Similarly, sixth inclined ramp surface 66 is oriented at a sixth inclined ramp
angle
68 relative to third local reference axis 124. In the embodiment seen in FIG.
7A,
third ramp 60 is located between first and second ramps 50, 90 and is
angularly
offset from first ramp 50 by a first offset angle 102. In some embodiments,
first
offset angle 102 is between about seventy degrees and about eighty degrees.

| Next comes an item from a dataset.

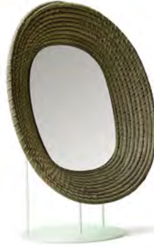
olive green/pastel green 00AMK3-8

In
yet
another embodiment, first offset angle 102 is about seventy-five degrees.
[0051] Referring to FIG. 7A and FIG. 7C, in some embodiments, container 10
includes a fourth closure-retaining structure, or fourth ramp 70, extending
from
neck surface 108. Fourth ramp 70 includes a seventh inclined ramp surface 72
oriented at a seventh inclined ramp angle 74. Fourth ramp 70 also includes an
eighth inclined ramp surface 76 oriented at an eighth inclined ramp angle 78.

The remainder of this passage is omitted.